TASK DATA ->
BEGIN
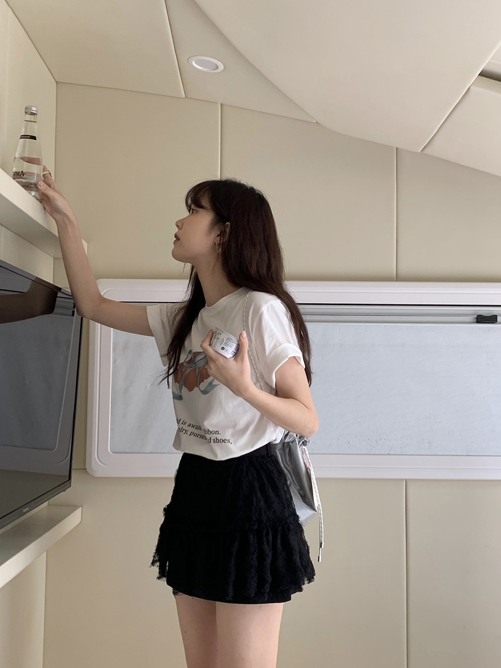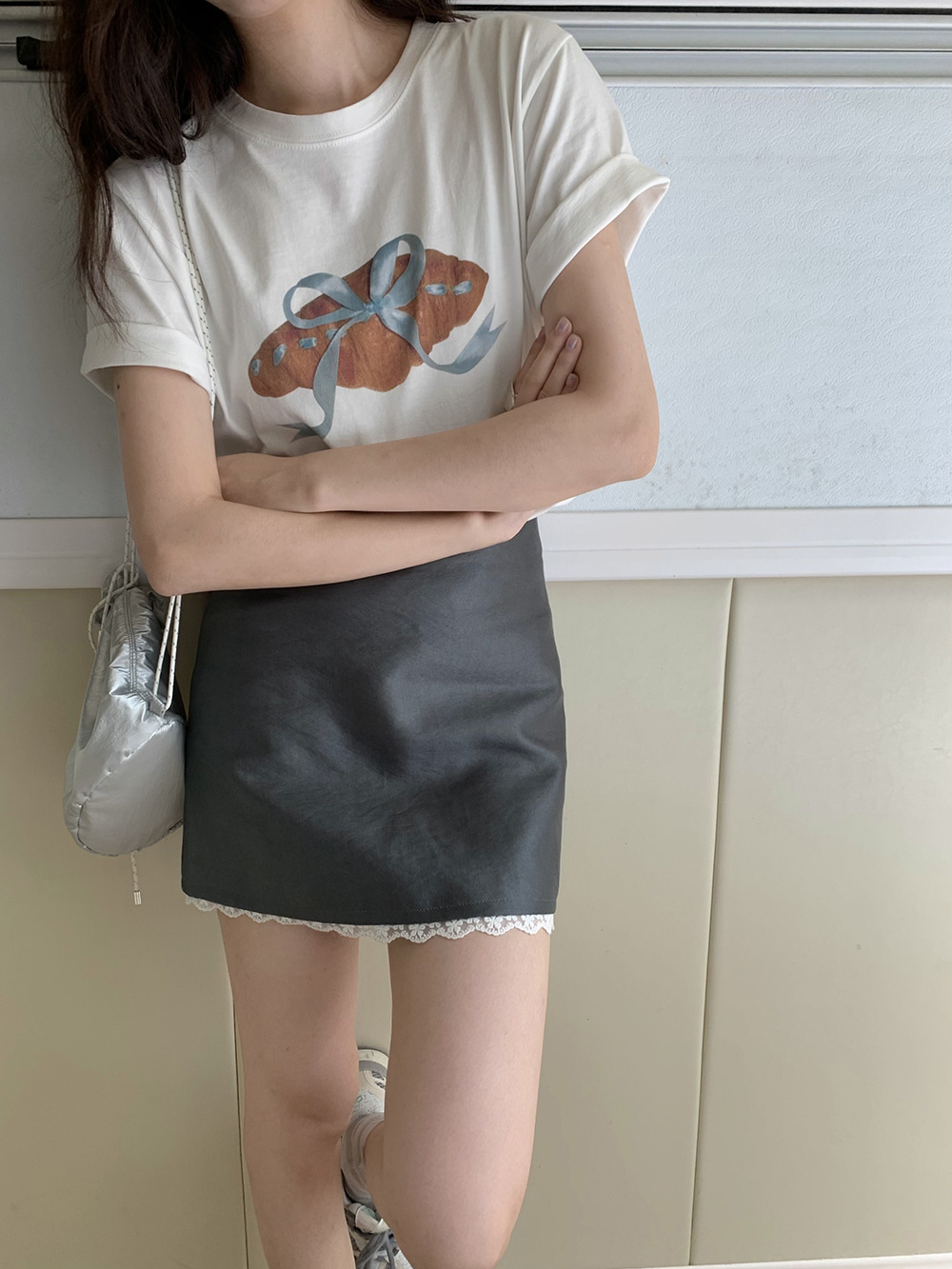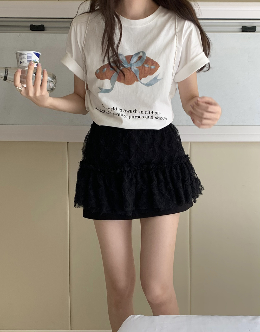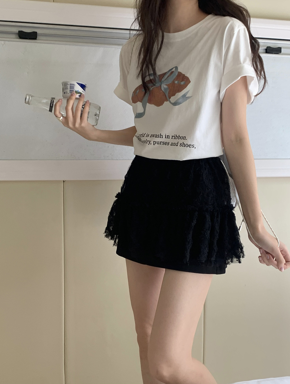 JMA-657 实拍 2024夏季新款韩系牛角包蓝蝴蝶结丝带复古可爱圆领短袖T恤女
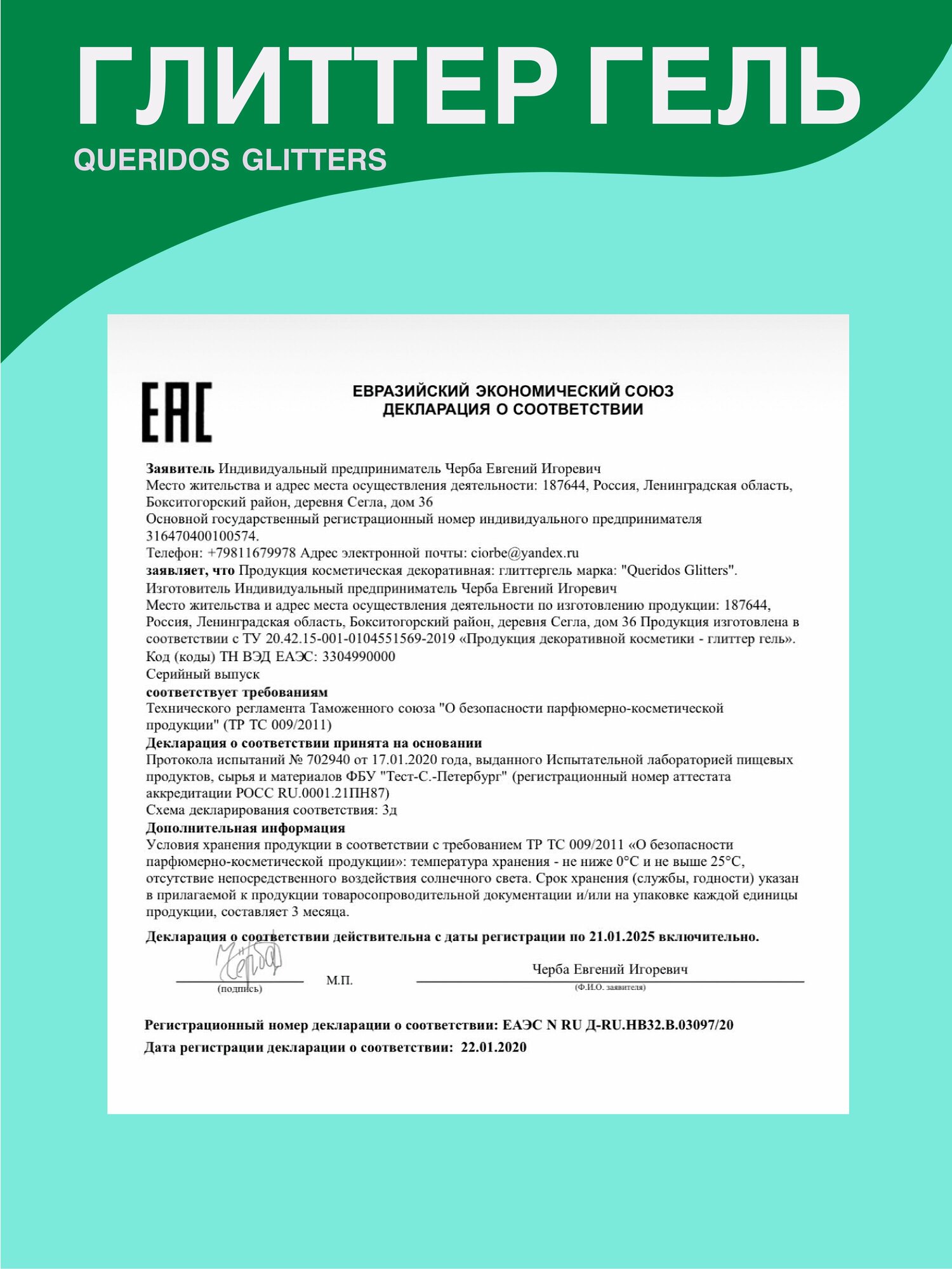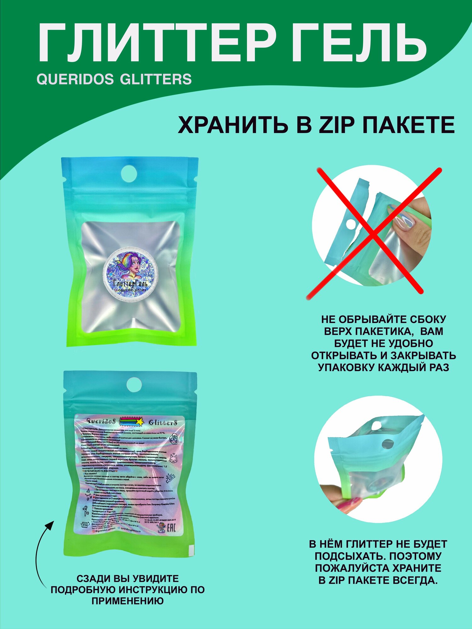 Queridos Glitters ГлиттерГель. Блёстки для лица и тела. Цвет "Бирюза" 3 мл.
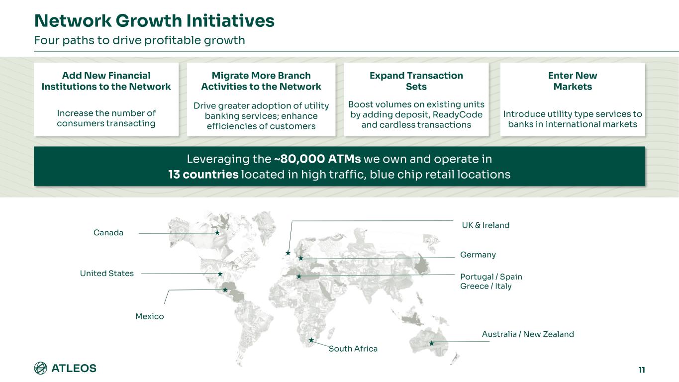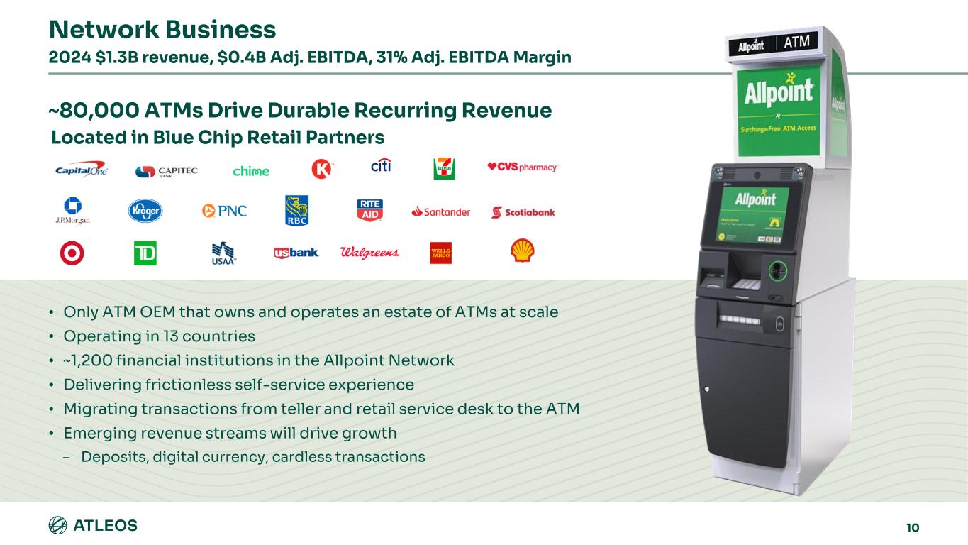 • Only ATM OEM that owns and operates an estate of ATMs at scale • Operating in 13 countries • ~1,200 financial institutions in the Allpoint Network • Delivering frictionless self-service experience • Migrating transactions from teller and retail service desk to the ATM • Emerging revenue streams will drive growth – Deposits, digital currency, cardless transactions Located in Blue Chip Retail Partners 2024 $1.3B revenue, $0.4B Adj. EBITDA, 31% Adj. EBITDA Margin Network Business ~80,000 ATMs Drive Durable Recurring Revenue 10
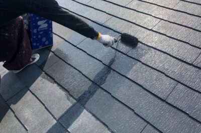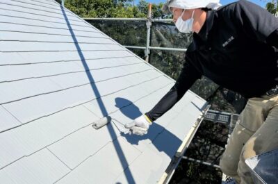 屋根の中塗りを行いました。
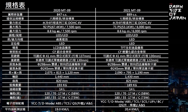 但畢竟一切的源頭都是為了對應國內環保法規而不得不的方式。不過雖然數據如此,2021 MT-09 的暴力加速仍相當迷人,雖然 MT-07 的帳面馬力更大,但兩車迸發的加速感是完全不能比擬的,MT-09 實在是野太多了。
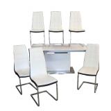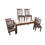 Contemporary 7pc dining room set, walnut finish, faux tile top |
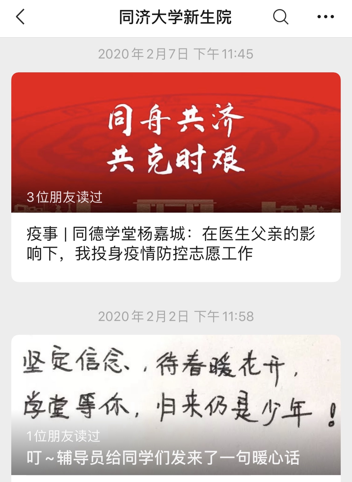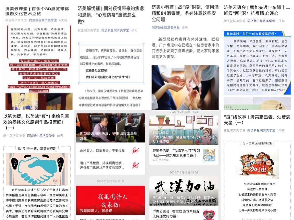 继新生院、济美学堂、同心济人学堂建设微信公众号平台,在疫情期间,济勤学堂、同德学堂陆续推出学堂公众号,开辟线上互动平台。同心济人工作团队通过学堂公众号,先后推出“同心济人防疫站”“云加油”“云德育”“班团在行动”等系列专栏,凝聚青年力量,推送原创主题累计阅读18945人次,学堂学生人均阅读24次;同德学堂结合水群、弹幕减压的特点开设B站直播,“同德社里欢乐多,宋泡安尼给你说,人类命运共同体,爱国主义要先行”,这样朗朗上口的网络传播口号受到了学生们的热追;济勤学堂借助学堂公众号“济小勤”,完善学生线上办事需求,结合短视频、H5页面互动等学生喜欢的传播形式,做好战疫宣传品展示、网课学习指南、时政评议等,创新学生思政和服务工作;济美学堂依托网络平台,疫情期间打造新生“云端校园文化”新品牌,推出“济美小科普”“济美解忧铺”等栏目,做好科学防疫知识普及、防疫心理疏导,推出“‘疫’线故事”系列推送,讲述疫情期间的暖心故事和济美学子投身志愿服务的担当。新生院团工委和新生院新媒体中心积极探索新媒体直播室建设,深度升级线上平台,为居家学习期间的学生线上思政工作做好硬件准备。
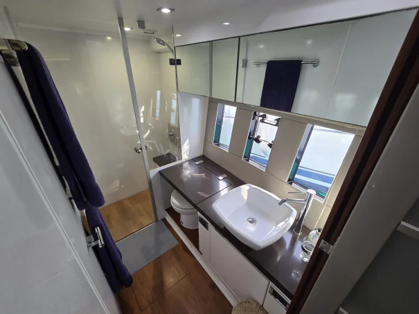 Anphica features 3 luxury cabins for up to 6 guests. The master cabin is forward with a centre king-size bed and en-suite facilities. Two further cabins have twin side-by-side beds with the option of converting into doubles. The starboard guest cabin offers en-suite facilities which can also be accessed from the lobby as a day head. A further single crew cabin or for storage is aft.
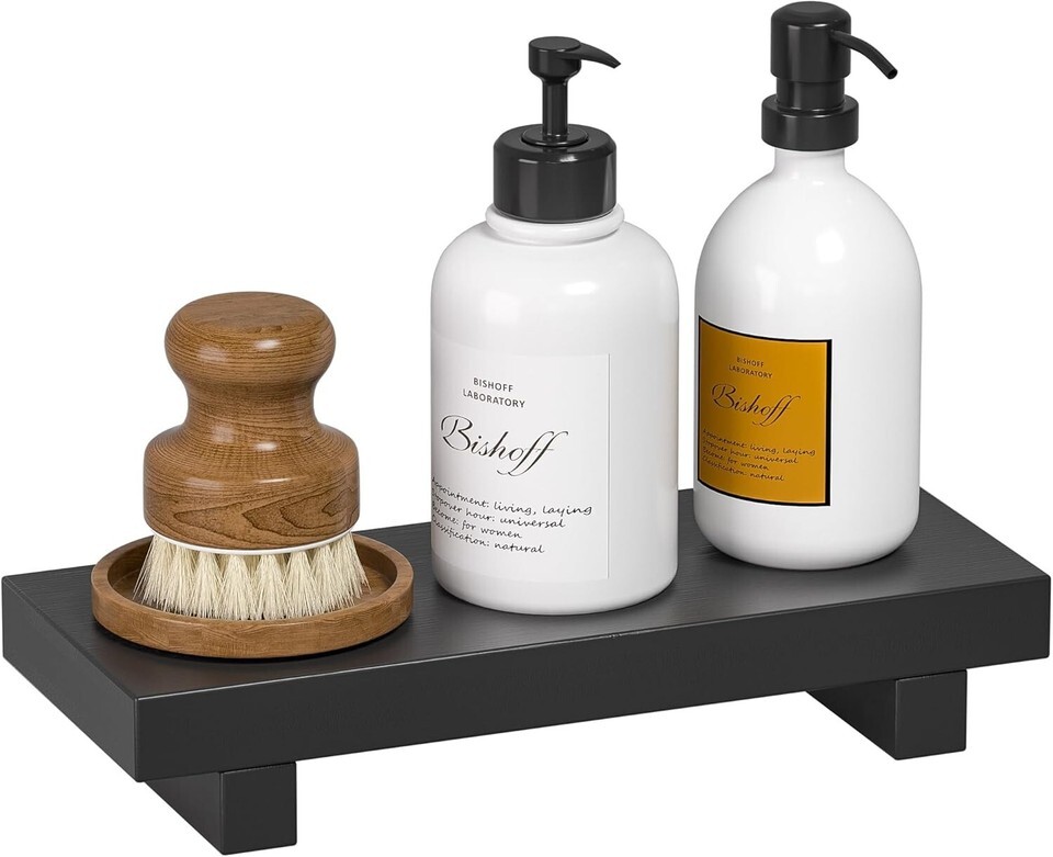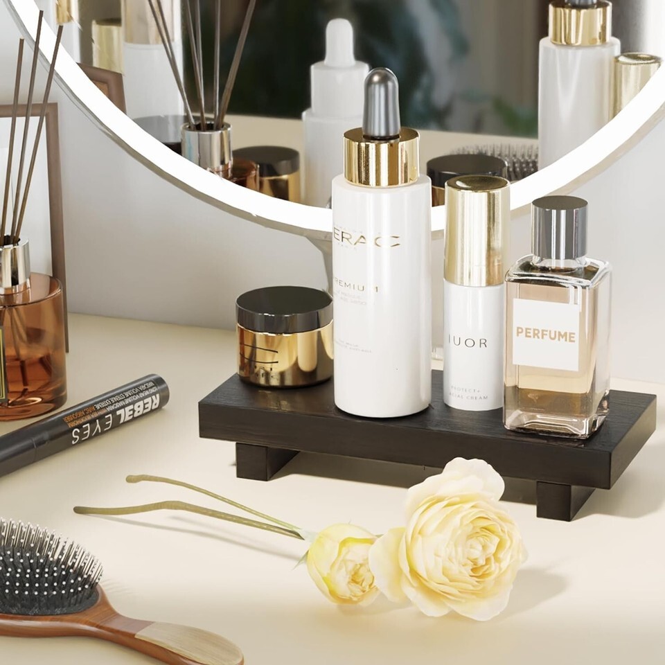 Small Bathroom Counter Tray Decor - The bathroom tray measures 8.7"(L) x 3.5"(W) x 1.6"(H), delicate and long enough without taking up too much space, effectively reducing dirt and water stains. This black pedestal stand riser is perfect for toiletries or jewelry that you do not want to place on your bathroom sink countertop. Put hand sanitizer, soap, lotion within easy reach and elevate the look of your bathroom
END
WHAT YOU NEED TO DO -> Within the listing above, the lines starting at the one containing "屋根の中塗りを行いました。" and ending at the one containing "Contemporary 7pc dining" are to be returned exactly. Omit the pictures.

PROBLEM SOLUTION ->
 屋根の中塗りを行いました。
 但畢竟一切的源頭都是為了對應國內環保法規而不得不的方式。不過雖然數據如此,2021 MT-09 的暴力加速仍相當迷人,雖然 MT-07 的帳面馬力更大,但兩車迸發的加速感是完全不能比擬的,MT-09 實在是野太多了。
 Contemporary 7pc dining room set, walnut finish, faux tile top |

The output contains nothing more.